Novo algoritmo para diferenciar tipos histoquímicos de metaplasia intestinal: Método G&S2
Gian Ramirez Ubillus1; Carlos Ricardo Neira-Montoya2; Eduardo Eulogio Sedano-Gelvet2; Joel Fernando Verona-Cueva2
1Escuela de Tecnología Médica, Universidad Privada San Juan Bautista, Lima, Perú
2Maria Auxiliadora Hospital, Pathological Anatomy Service, Lima, Peru.
Introduction: The classification of intestinal metaplasia by histochemistry methods has been described as the most appropriate. However, current algorithms are not replicable in laboratories due to severe limitations.
Objective: To evaluate a new algorithm to differentiate histochemical types of intestinal metaplasia.

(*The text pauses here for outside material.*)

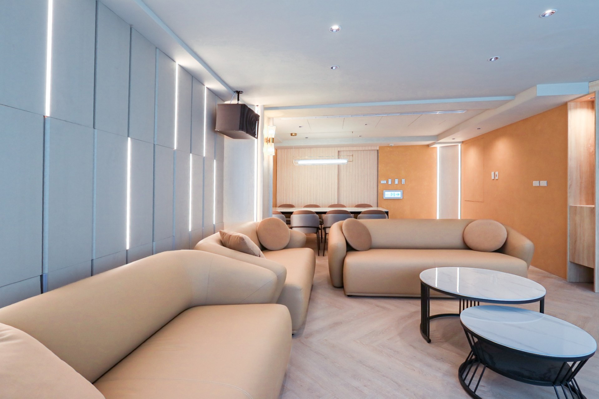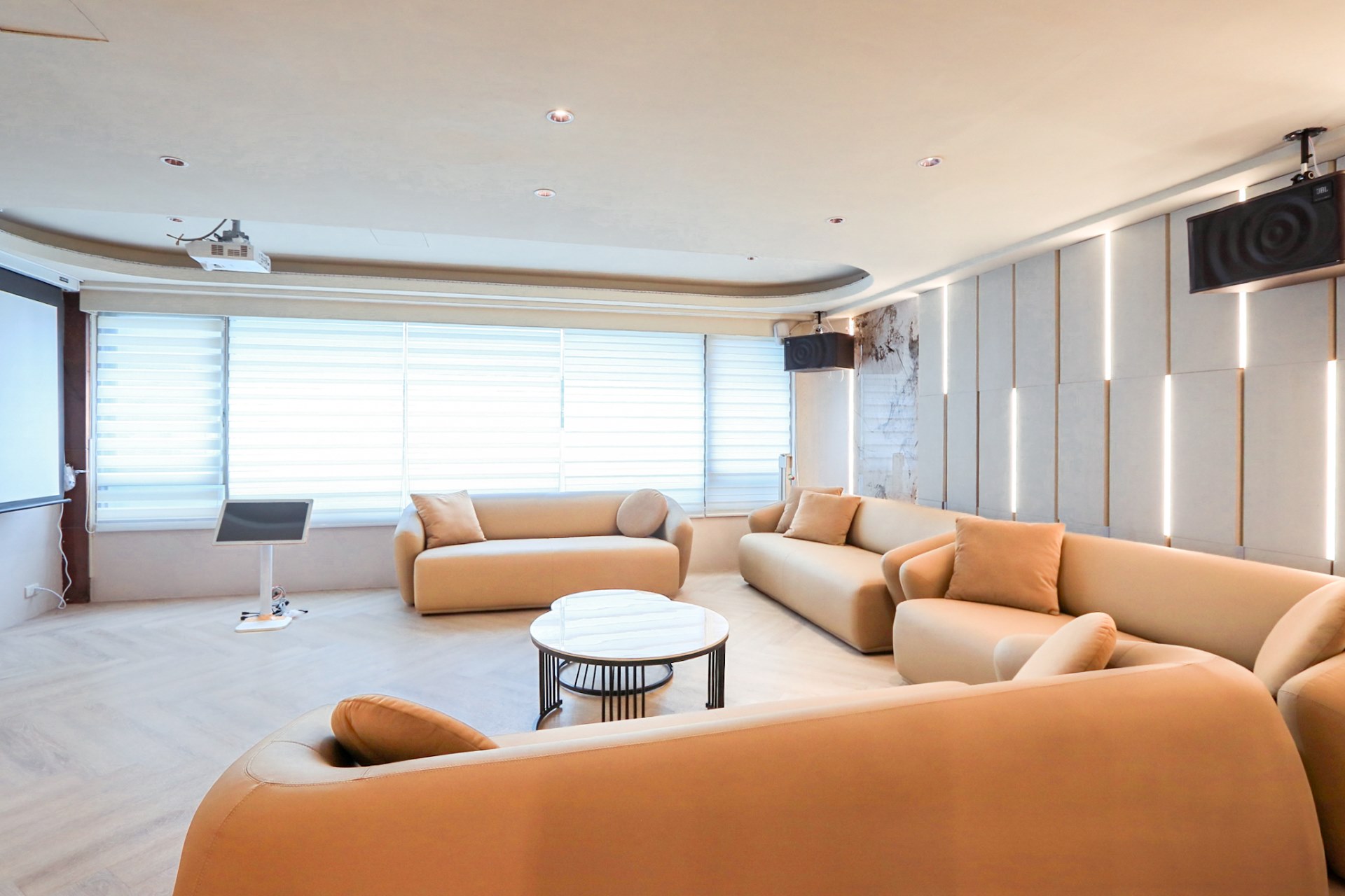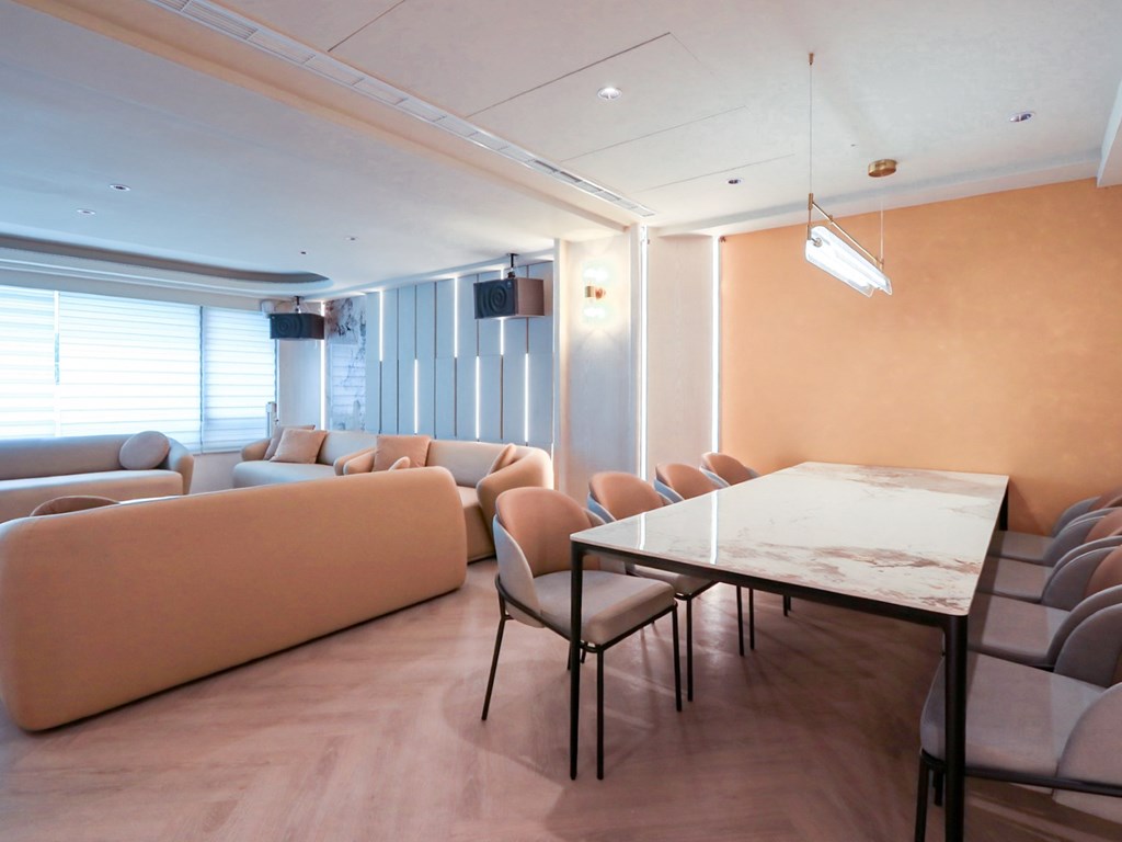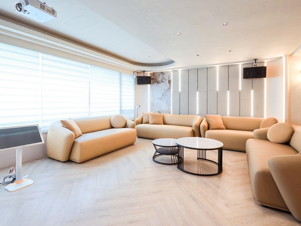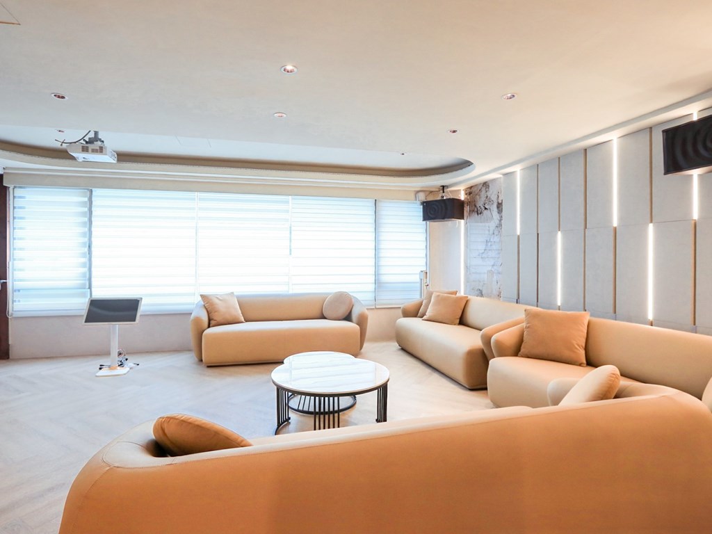 從溫暖柔和的色調、現代感十足的家具,到頂級的影音設備,我們致力於為您打造一個舒適、專業且充滿樂趣的聚會場所。

Material and Method: Cross-sectional research in which 512 gastric biopsies with intestinal metaplasia (paraffin blocks) were evaluated by a new algorithm using two types of Alcian Blue dyes during February-March of 2020 in the pathological anatomy service of the Maria Auxiliadora Hospital, Lima, Peru. This evaluation consisted of two steps: visualization of acid mucins in the columnar cells of the gastric mucosa and calculation of the weighted Kappa statistic.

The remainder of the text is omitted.